The Court of Appeals for the Second Circuit has noted several times the existence of a "firmly established federal policy favoring exhaustion of administrative remedies in ERISA cases." Alfarone v. Bernie Wolff Constr. Corp., 788 F.2d 76, 79 (2d Cir. 1986) cert. denied, 479 U.S. 915 (1986); Eastman Kodak Co. v. STWB, Inc., 452 F.3d 215, 219 (2d Cir. 2006); Jones v. UNUM Life Ins. Co. of Am., 223 F.3d 130, 140 (2d Cir. 2000); Kennedy v. Empire Blue Cross & Blue Shield, 989 F.2d 588, 594 (2d Cir. 1993). "Unless a 'clear and positive showing' is made that it would be futile for the claimant to pursue her claim through the internal claims process, 'that remedy must be exhausted prior to the institution of litigation.'" Eastman Kodak, 452 F.3d at 219 (quoting Jones, 223 F.3d 130 at 140 (internal quotation marks omitted)).
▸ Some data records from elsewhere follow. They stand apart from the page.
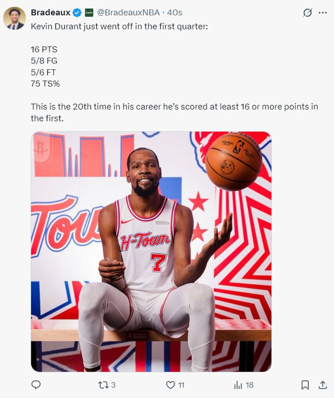 休媒:这是杜兰特个人生涯第20次单节16分或以上的比赛。
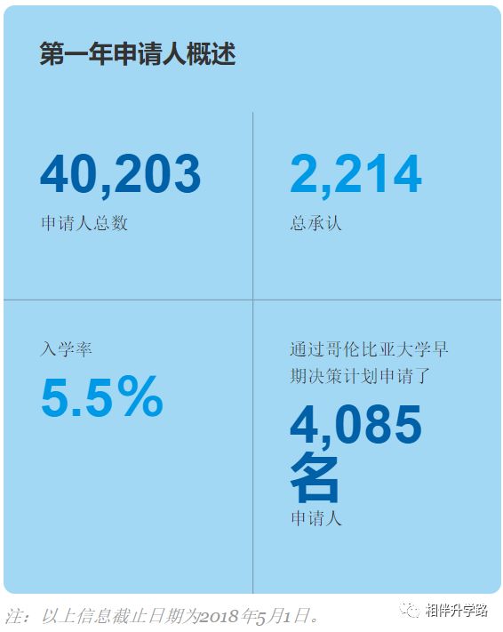 哥大今年首先公布了自己的录取情况:整体录取率5.5%。
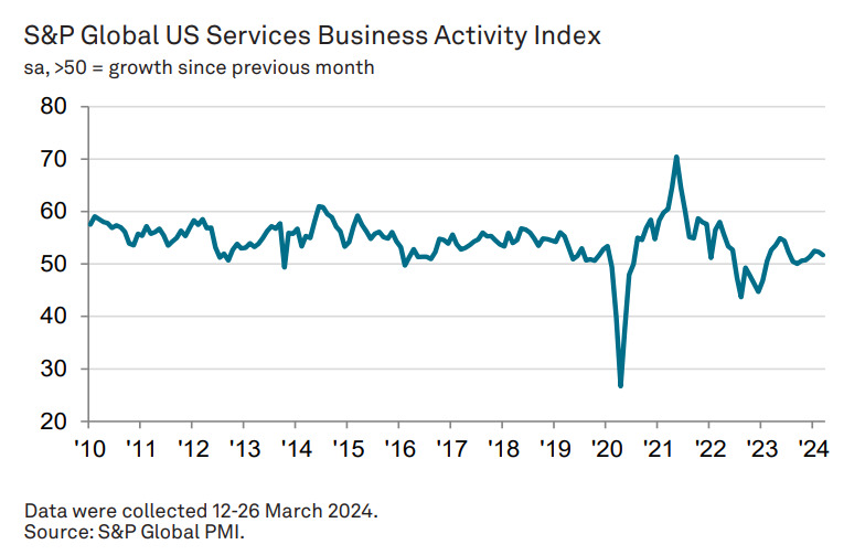 O Índice de Gerente de Compras (PMI, na sigla em inglês) do setor de serviços dos Estados Unidos recuou para 51,7 em março, em relação aos 52,3 pontos de fevereiro. O resultado do PMI de serviços dos EUA permaneceu acima da marca de 50,0, o que sinaliza um aumento na atividade empresarial pelo 14° mês consecutivo.
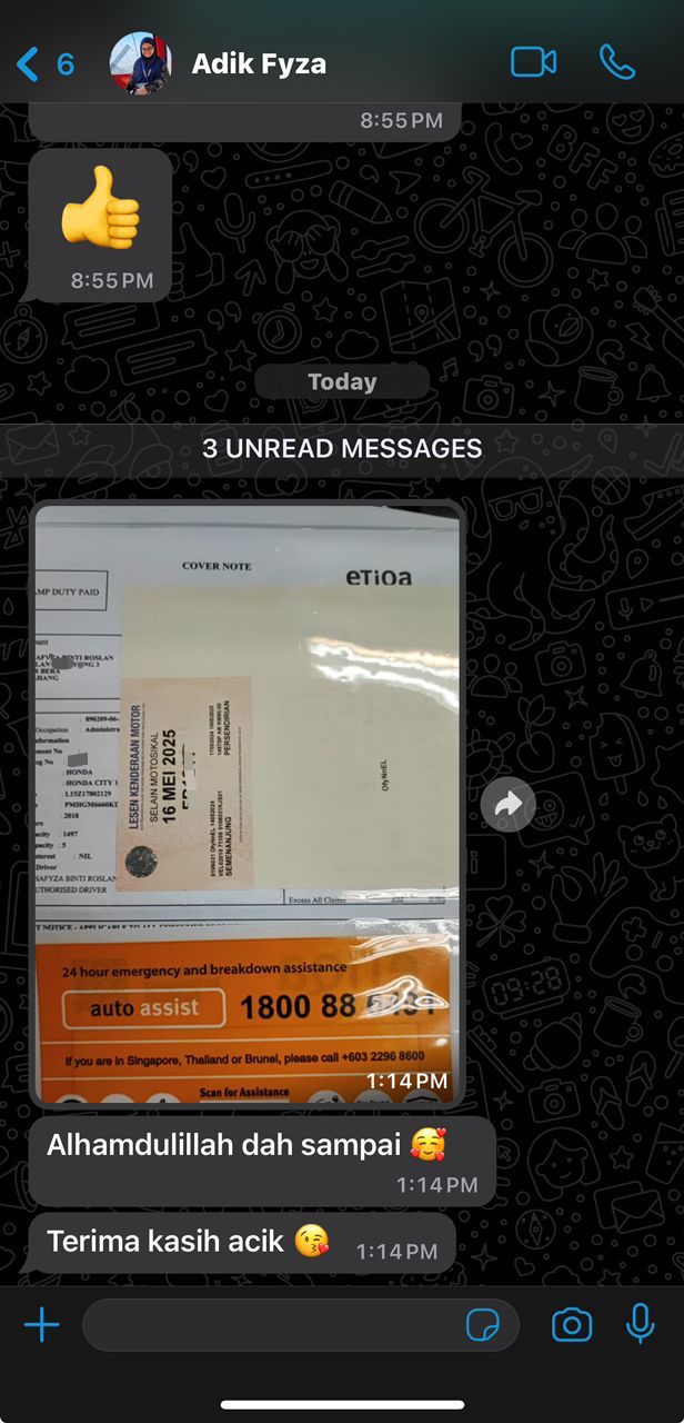 Walaupun saya jauh berlainan negeri Sabak Bernam, sy masih boleh order roadtax melalui whatsapp & Penghataran ambil masa 3hari shj melalui pos laju
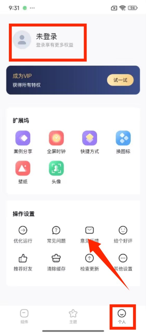 4、进入 “个人” 页面,顶部显示 “未登录” 状态提示,下方 “扩展坞”“操作设置” 板块可使用对应功能选项
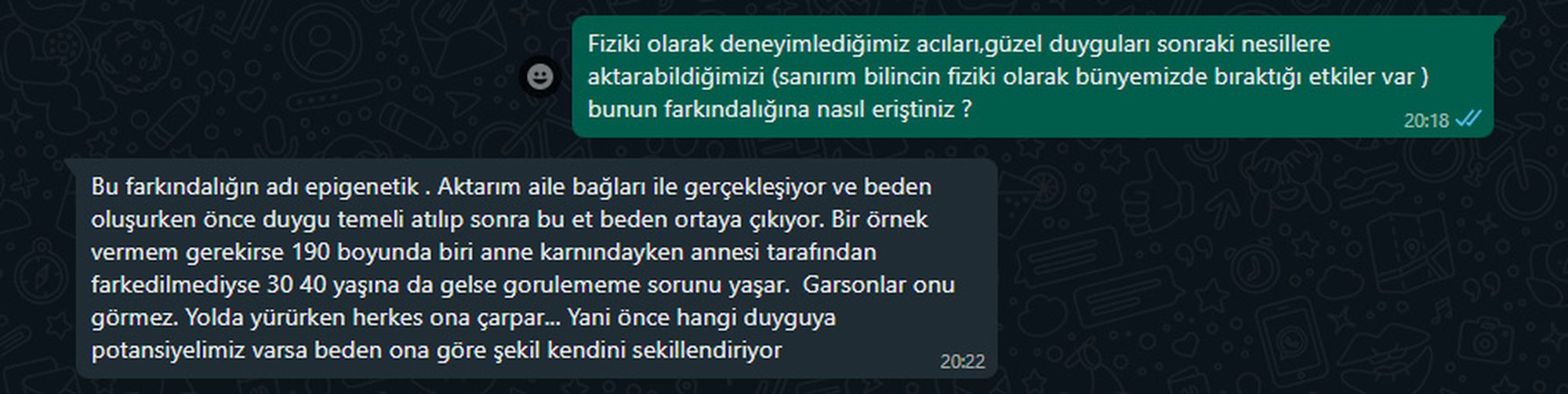 Bir 'İnsan ilişkileri uzmanın' yorumu. "Bu farkındalığın adı epigenetik . Aktarım aile bağları ile gerçekleşiyor ve beden oluşurken önce duygu temeli atılıp sonra bu et beden ortaya çıkıyor. Bir örnek vermem gerekirse 190 boyunda biri anne karnındayken annesi tarafından farkedilmediyse 30 40 yaşına da gelse gorulememe sorunu yaşar."
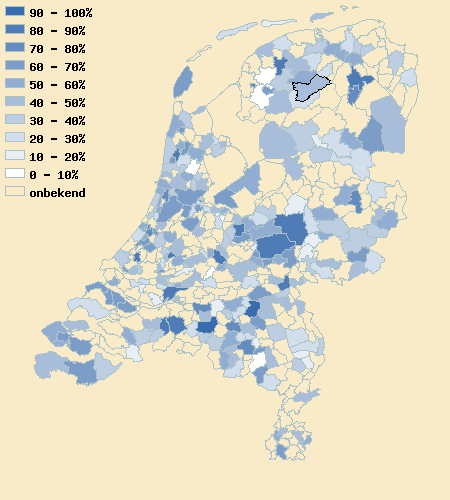 Totaalscore (inclusief eventuele correcties) in procenten  In principe kan een gemeente op vrijwel alle vragen 'ja' antwoorden. Voor elk positief antwoord zijn punten te behalen. De totaalscore (in procenten) geeft aan hoeveel procent positief beantwoord is. Uiteraard moet dit beeld gerelativeerd worden. We kunnen veel vragen niet stellen. Maar het resultaat is een goede indicatie van de prestatie van de gemeente.   43  %
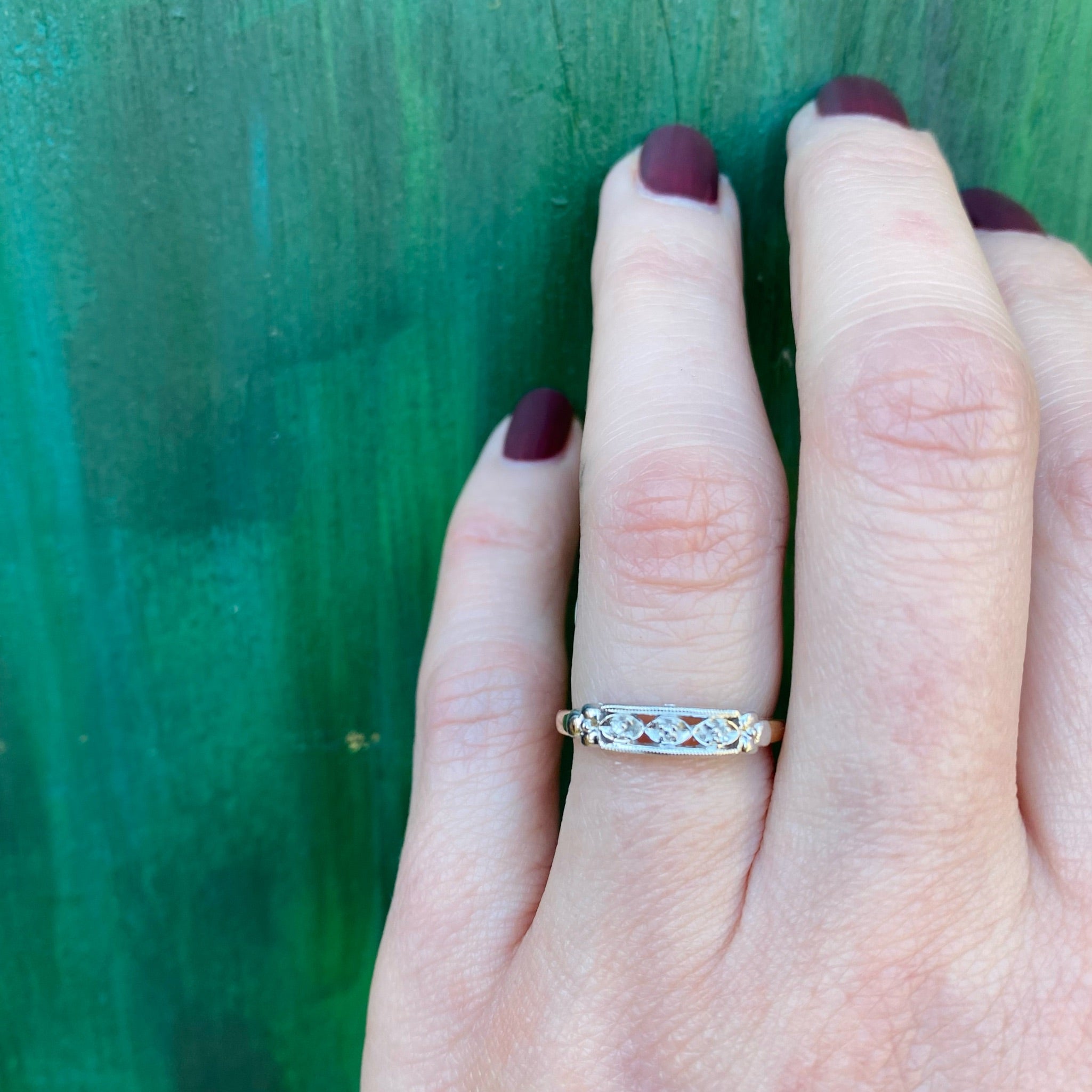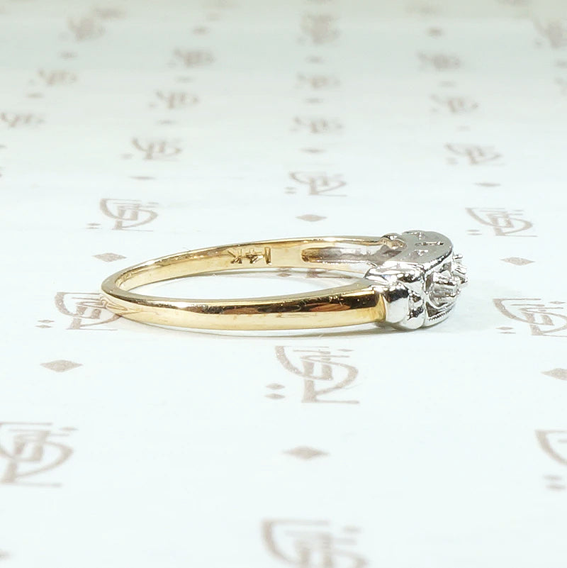 This lovely vintage 14k two tone gold wedding band has the prettiest details in fresh, crisp condition. Three tiny diamonds are set across the white gold top of the ring. The diamonds sit in tiny, fluted ovals that are framed in milgrained bars. Sweet sculpted pansies sit at each shoulder. The body of the ring is tapered yellow gold. This band is New Old Stock, true vintage that has never before been sold to the public. You can be the first person to enjoy this wonderful vintage ring. Circa 1940.
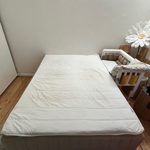 Sengen er 1 år gammel og så god som ny. Madrassen er 2 år gammel og i god kvalitet.
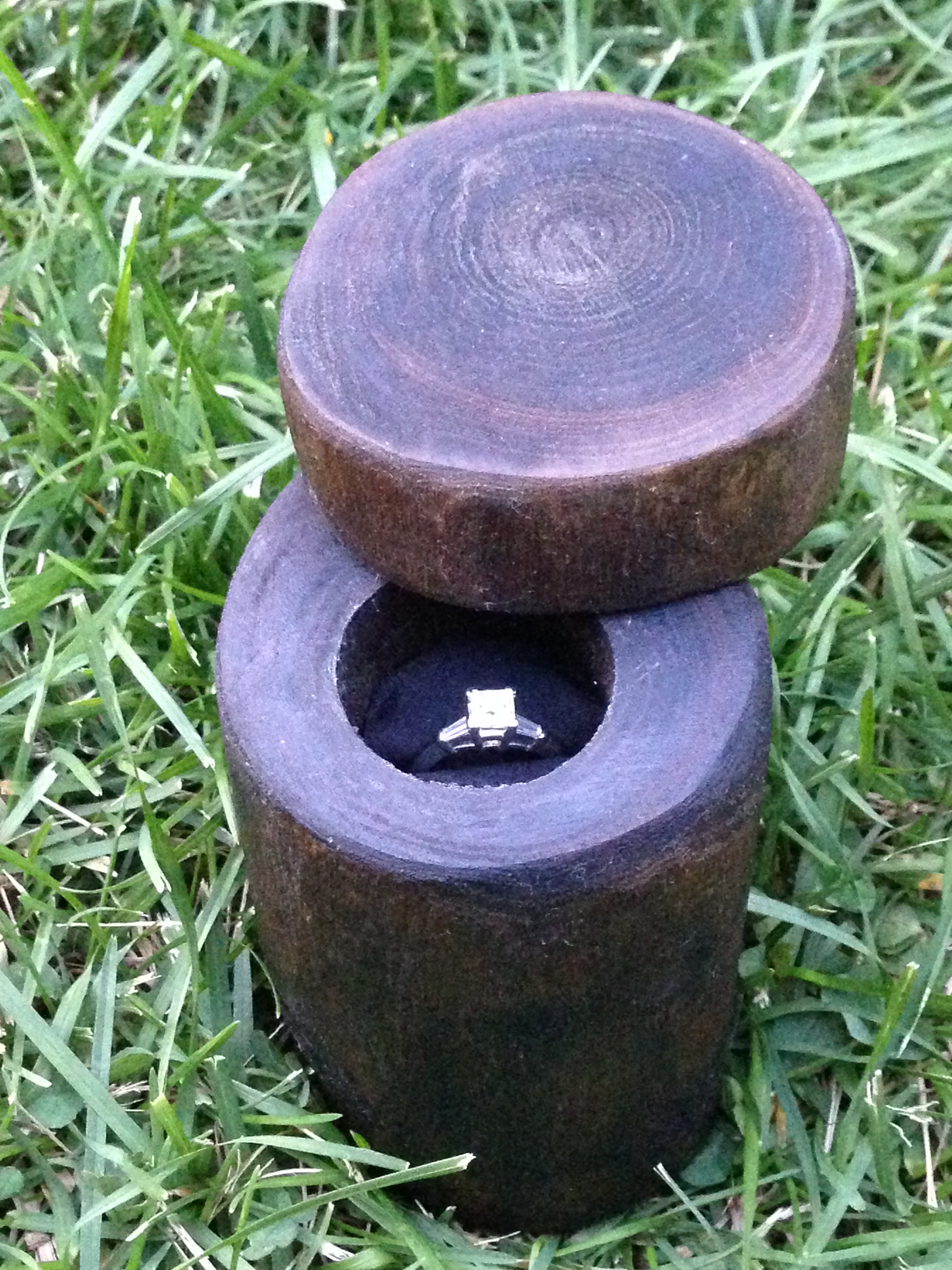 The inspiration for making a wooden ring box came to me while I was planning my proposal.  I wanted the proposal to be low-key and sentimental with some sort of unexpected component.  I knew that Alison loves the process of making things from scratch, as evident on this blog, so I came up with the idea of using something handmade for the proposal.  I focused on woodworking projects, because Alison loves reclaimed wood and restored wooden furniture.  Through a Google search, I found a few wooden proposal ring boxes, but this one caught my eye where someone made a ring box out of a tree branch.  I really liked it, because it looked really natural and earthly, and the lid swiveled open to reveal a hidden ring.  The article had good pictures, but it didn’t include step by step instructions on how to make it.  So, I went back on Google and found The Shop, a local woodworking and metal shop that allows people to use their equipment for a nominal fee.  The Shop also offers regular classes on various DIY projects.  I went to see the facilities and met the shop owners, Michelle and Marissa.  They were very friendly, accommodating, and incredibly helpful when explaining to me the steps and tools that I would need to make my ring box.  Luckily for me, this project only requires a beginner’s level in woodworking.
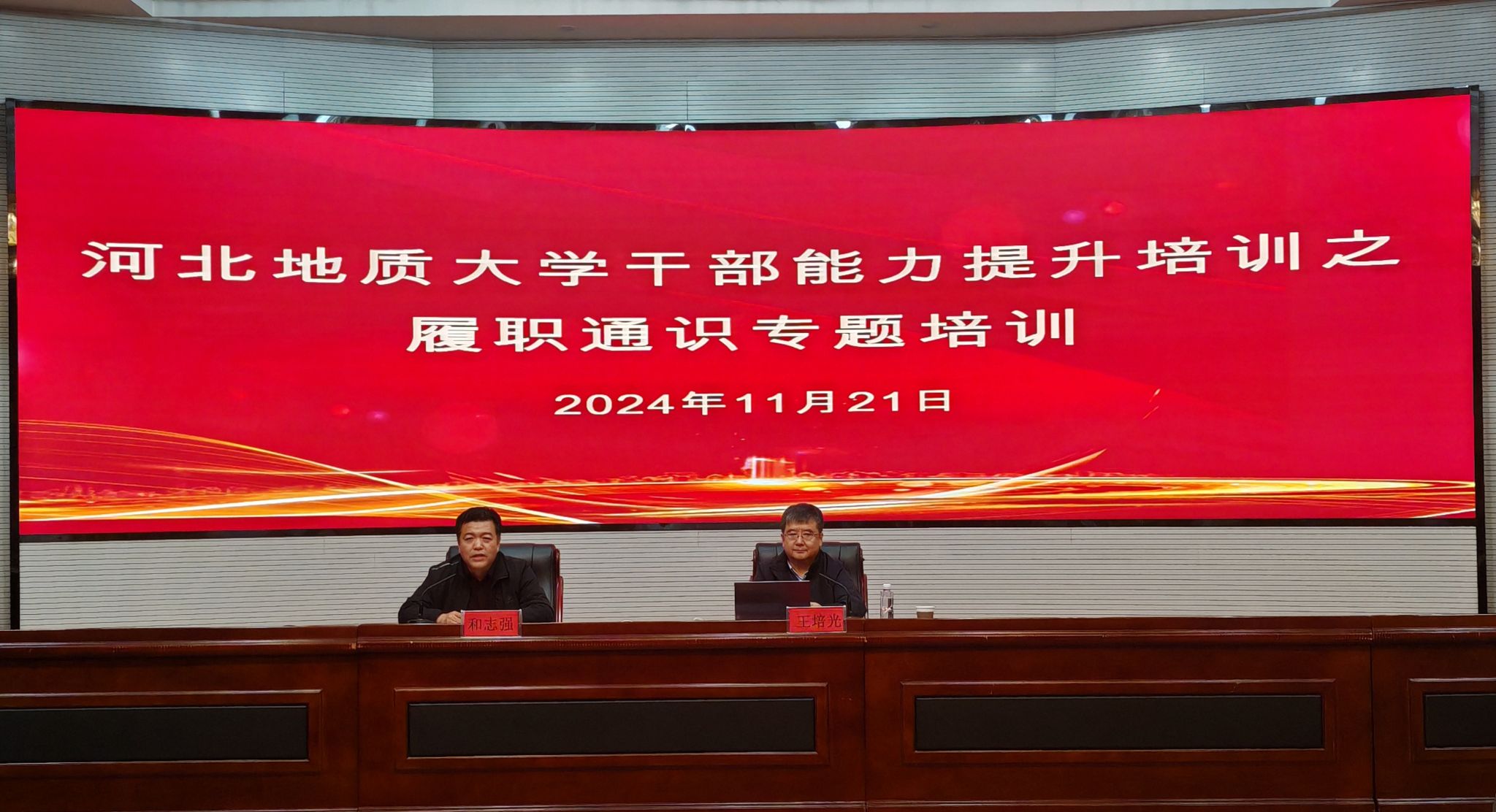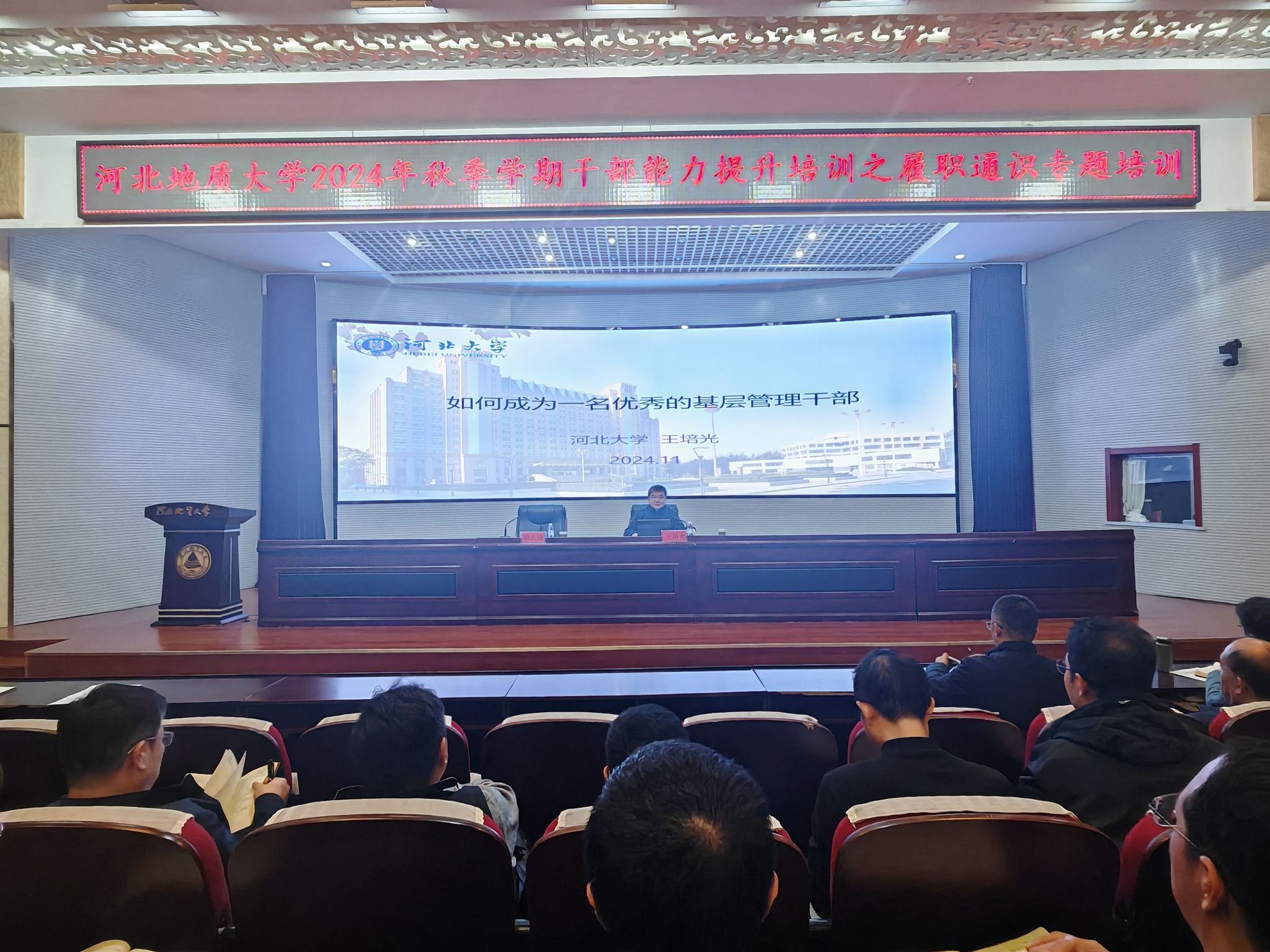 为深入贯彻落实党的二十届三中全会精神,学习贯彻习近平总书记在全国教育大会上的重要讲话和全国教育大会精神,提升bat365官网干部的政治素养和履职能力,11月21日下午,bat365官网在春秋讲堂举办秋季学期干部能力提升培训之履职通识专题培训。会议邀请河北大学原党委副书记、副校长、博士生导师王培光教授进行专题授课。校党委书记和志强主持培训会。

Klotz v. Xerox Corp., 557 F. Supp. 2d 400, 407 (W.D.N.Y. 2008), aff'd Klotz v. Xerox Corp., No. 08-3214-cv, 332 Fed. Appx. 668 (2d Cir. Jun. 5, 2009). Nothing plead in the complaint shows that Plaintiff timely exhausted his administrative remedies under the KMAP. Plaintiff's contention that he believed the changes at issue did not apply to him is belied by the August 1, 2008 letter addressed specifically to him, and by the mention in that letter that the changes applied to anyone who retired after October 1, 1991, a category into which Plaintiff fell. Moreover, the August 2008 letter put Plaintiff on notice of the requirement that he file a claim if he thought the changes did not apply to him. In that regard, Plaintiff's complaint does not make a plausible showing that it would have been futile for him to make such claim and follow through the administrative process with KMAP's administrator. Consequently, Plaintiff's failure to exhaust administrative remedies means that his ERISA lawsuit cannot go forward and must be dismissed.


For the reasons stated above, Defendants' motion (Docket No. 15) to dismiss the complaint is granted and the Clerk is directed to close the case.